Beberapa dari benda-benda yang mereka kelompokkan bersama itu memiliki perbedaan perkembangan dan penggunaan puluhan ribu tahun. Mereka praktis tidak memiliki kesamaan sama sekali, bahkan sumber daya listrik yang menyuplai daya ke benda-benda itu pun tidak kompatibel. Manusia berevolusi dan beradaptasi terlalu cepat sehingga pencatatan data oleh Darklings tidak mampu mengurutkannya.
Namun, niat baiklah yang terpenting, dan setelah mereka menyelesaikan masalah yang lebih mendesak, Max pasti akan kembali ke kumpulan data besar ini untuk mencoba mengadaptasi lebih banyak hal baik darinya ke jajaran pemain mereka saat ini.
“Apakah kau menemukan sesuatu yang bagus?” Max memanggil Nico setelah memutuskan bahwa data tersebut bisa menunggu nanti.
“Ada beberapa hal, tetapi tidak ada yang benar-benar revolusioner. Terlalu banyak untuk dibahas semuanya sekaligus, dan tidak diurutkan secara logis. Mereka menomorinya berdasarkan urutan kedatangan di fasilitas mereka, setelah fasilitas sebelumnya dinonaktifkan.”

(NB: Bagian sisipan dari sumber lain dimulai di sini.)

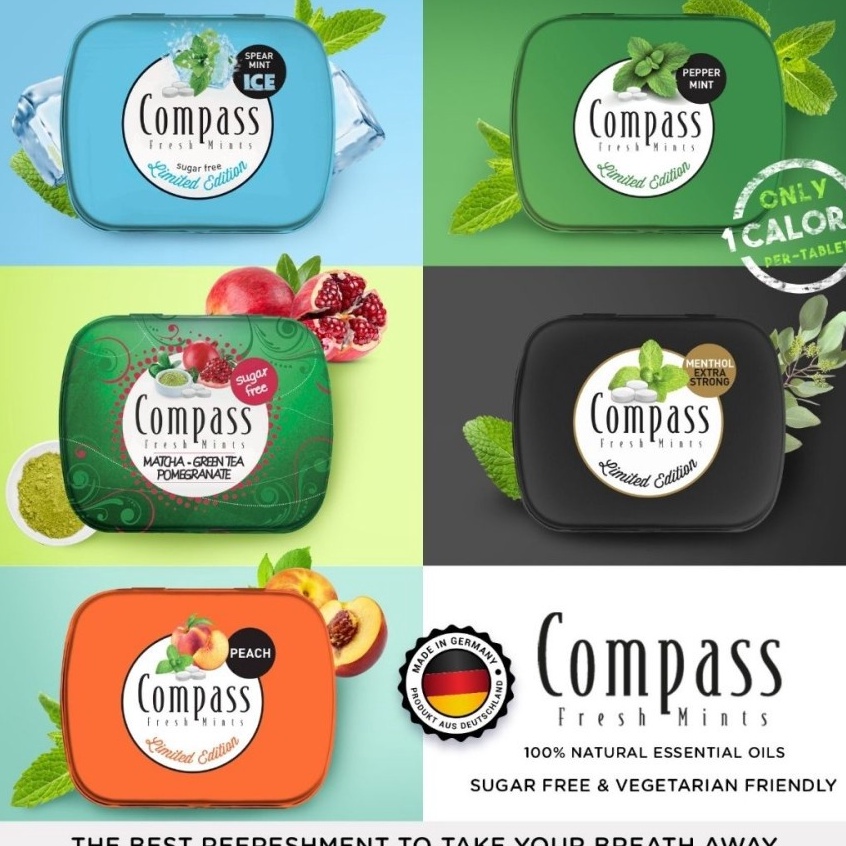 E [KODE 7QKV9] Compass Fresh Mint Candy (Permen Mint Sugar Free) 14g COMPASS FRESH MINT CANDY (PERMEN MINT SUGAR FREE) 14gr Hadir untuk selalu menyegarkan hari-hari kamu. Tidak hanya menyegarkan tapi juga melegakan nafas dan tenggorokan! Sugar Free, Aspartame Free, Acesulfame K Free, Gluten & Lactose Free dan Vegetarian Friendly. Hanya 1 kalori saja per tablet loh dan yang pasti 100% Natural Essential Oils.

Para peneliti tampak seperti akan menangis mendengar berita itu. Mereka sangat serius dalam hal pencatatan data, dan sekadar memikirkan untuk mengorganisir data acak berdasarkan urutan kedatangan paket data adalah sesuatu yang hampir seperti penghujatan di mata mereka.
“Jangan khawatir, kami akan mengizinkan kalian memperbaiki catatan-catatan itu saat kalian punya waktu luang. Pilih saja metode pengorganisasian sebelum kalian mulai,” Max meyakinkan mereka.
“Terima kasih? Maksud saya, ya, kami benar-benar tidak ingin data itu tetap seperti itu, tetapi bisakah kami menawarkan orang lain untuk melakukannya?” Salah seorang dari suku Innu menjawab.
“Ya, seperti salah satu pemain Giants.” Yang lain setuju.
Max terkekeh dan tersenyum kepada mereka.
“Jika Anda bisa membujuk seseorang untuk melakukannya, silakan saja.”